MORE Q & A ABOUT WRITING
[Expanded from the comments field of the last post about writing, with additional questions posed by Evil Monkey...]
Question from Ben in the Gong
I tend to jot down lots of short, random ideas that come to me. Stuff like sentence fragments, names of people, bits of dreams. Do you let stuff like this creep into your work, or do you file it away for use another day?
Answer
Thanks for the question. It depends. When I'm writing a short story, there are quite specific things I need to pull out of the real world, so in those cases whatever I jot down--dreams, little stray thoughts--may or may not make it into whatever story I'm working on at the time. However, when I'm working on a novel, it's totally different. A novel is generous enough and all-encompassing enough that every little scrap that comes to me, for the most part, goes into the novel. Now, it could just be that as I get deeper and deeper into a novel, over months and months, that I tend to become receptive to the things I need and block out or ignore those things I don't need. But to me, it feels as if I'm magnetic and everything inspirational in the world is also magnetic and is sticking to me.
Question from Erasmus
When you have all of these ideas bubbling in your noggin and you decide to use one of them for your story, what steps to you take to get your thoughts onto paper? Do you start with a few phrases representing the story and then branch off into an outline? Do you do brief character sketches to bring your characters into focus? Or do you perhaps just take the story idea that you have and start writing and then revise revise revise and revise the hell out of it?
Answer [revised from comments field version]
I generally do not start to write a story until after much thought and until I have a clear vision of the ending. I have to work out who the character is in my head, too, before I set pen to paper. During this process, I do write down little fragments in a notebook as they come to me. But the fragments might not all relate to the same story, once I sit down and look at them, so I'll need to separate them out at some point. If the gestation period has gone on for a long time, I'll have literally hundreds of little notes--descriptions, plot points, character revelations. So, in those cases, when I'm about to sit down to write the story, I will first put each separate fragment on a different notecard. Then I will order the notecards as those fragments would fall in the story. Depending on the story, I will then sit down to write the story with the notecards in hand, inserting each fragment as I go. Or, if I am worried about losing the spontaneity of the rough draft, I will briefly review the notecards ahead of time, then set them aside and just write the rough draft without them. After I've written the rough draft, then I'll go over it with notecards in hand and if I left anything out, I'll insert it. Sometimes I'll find something I thought was relevant from the notecards actually isn't, and it gets cut. In that case, I put the fragment in my notecard filing system for later use. Everything eventually gets used in something.
Question from Evil Monkey
What's the most important advice you could give a beginning or intermediate writer?
Answer
Pay attention to specific detail--and by specific detail, I mean using all five senses. The building blocks of all good fiction start with use of specific detail, which tends to annihilate cliche. This doesn't mean that I think all stories should overwhelmingly consist of descriptions. It means that specific detail should be deployed as appropriate.

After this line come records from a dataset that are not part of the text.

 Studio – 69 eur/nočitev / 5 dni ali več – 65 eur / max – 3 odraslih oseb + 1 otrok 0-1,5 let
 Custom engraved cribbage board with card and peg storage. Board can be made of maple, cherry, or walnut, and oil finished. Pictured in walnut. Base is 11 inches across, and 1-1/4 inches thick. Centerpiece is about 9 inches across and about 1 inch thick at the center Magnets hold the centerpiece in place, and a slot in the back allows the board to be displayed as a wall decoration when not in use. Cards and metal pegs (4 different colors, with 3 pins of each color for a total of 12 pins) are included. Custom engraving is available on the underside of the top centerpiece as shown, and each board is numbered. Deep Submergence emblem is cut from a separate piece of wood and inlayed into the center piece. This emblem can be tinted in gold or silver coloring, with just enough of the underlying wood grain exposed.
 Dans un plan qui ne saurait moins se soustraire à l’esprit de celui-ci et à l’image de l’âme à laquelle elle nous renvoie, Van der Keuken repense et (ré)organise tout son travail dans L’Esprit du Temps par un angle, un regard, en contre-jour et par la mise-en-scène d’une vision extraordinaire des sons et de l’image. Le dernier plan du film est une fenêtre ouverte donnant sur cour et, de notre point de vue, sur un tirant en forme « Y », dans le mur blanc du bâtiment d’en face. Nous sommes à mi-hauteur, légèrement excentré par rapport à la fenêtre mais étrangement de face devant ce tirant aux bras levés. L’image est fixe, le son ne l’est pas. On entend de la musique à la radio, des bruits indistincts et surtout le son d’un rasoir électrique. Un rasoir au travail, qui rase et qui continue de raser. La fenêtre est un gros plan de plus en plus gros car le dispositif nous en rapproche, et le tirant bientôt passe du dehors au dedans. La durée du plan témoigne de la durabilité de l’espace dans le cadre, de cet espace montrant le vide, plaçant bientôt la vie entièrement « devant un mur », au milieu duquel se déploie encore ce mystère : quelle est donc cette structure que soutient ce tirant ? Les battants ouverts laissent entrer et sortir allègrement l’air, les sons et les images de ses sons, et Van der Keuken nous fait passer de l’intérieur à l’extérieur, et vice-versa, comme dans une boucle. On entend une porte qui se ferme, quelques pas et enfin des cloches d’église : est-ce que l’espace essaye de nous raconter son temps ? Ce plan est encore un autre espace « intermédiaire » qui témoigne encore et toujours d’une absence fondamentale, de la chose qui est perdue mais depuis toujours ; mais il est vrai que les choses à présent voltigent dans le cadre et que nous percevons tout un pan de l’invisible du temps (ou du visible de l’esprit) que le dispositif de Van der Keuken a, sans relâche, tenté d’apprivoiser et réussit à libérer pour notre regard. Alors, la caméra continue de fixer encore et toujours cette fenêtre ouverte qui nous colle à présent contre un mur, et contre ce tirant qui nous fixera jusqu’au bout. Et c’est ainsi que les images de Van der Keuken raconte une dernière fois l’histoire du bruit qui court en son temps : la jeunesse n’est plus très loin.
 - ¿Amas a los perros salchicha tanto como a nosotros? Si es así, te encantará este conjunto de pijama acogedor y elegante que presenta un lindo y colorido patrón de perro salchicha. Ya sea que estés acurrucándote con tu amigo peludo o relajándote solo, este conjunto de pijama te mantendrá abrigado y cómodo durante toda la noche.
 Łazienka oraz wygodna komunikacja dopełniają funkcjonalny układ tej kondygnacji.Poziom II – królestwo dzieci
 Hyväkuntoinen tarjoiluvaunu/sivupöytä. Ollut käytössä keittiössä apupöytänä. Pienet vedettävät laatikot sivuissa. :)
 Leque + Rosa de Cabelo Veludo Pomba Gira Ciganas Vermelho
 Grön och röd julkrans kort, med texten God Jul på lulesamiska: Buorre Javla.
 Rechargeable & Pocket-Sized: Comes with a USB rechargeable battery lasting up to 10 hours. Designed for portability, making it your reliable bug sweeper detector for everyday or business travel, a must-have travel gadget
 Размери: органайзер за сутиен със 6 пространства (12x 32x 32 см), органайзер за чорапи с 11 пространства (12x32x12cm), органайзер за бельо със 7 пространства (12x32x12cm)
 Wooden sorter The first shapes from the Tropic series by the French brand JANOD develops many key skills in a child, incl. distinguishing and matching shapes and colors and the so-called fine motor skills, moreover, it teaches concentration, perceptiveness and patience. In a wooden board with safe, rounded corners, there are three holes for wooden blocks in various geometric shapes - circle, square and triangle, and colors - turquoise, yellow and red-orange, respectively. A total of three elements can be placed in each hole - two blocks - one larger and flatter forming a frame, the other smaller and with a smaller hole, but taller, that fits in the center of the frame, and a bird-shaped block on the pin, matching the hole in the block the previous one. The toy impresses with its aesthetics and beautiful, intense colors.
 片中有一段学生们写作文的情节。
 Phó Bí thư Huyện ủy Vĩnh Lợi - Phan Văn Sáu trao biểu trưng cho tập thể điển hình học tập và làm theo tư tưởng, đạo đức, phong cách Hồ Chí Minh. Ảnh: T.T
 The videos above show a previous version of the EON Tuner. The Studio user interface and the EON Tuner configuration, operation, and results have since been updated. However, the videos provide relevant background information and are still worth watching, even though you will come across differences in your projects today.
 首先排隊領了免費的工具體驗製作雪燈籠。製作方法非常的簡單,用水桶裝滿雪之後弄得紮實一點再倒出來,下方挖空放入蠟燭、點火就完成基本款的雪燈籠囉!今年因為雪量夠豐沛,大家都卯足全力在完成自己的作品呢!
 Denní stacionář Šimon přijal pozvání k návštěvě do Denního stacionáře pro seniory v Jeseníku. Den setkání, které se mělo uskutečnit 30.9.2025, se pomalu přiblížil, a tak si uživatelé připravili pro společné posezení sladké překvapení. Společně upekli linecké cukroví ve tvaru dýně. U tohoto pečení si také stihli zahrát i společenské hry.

Sometimes that means a few paragraphs at a time, sometimes that means a single sentence or phrase that perfectly conveys a character trait, a setting, etc. The amount of description and how it is deployed depends entirely on what kind of writer you are. But the biggest defect I see in beginner fiction is the inability to accurately describe the world and distill that description effectively in fiction. Every single person, thing, and place in this world is unique. Even one Burger King is not exactly the same kind of place as another Burger King. Every mall is different. Every table in a restaurant is different in some minute but discernable way. When we find the way to render the perfect detail for the situation or character, we get very close to understanding our world on the micro level. Whether it is a mannerism observed in a crowded mall and airlifted in to the exact point in the story where it can be used, or a description of setting taken from real life and then distilled through the imagination into something that still relates something essential about the psychological truth of the original real-world place, you are interacting with our world and the people in it. This is a life-long attempt to reject cliche and replace it with a truth about the world. We don't always succeed, but we should always try. Because, at base, everything we write is still about our world, whether transformed or mutated into something that seems unfamiliar.
When teaching new writers, I always recommend they do word sketches to improve their ability to render specific detail. Go out to a public park and sit there with a notepad and try to capture the essence of the place in your word sketch. Try to get to the core of what makes what you're looking at unique. Do the same with people walking by. Get to the core of them through observation, discarding anything that doesn't seem true or relevant.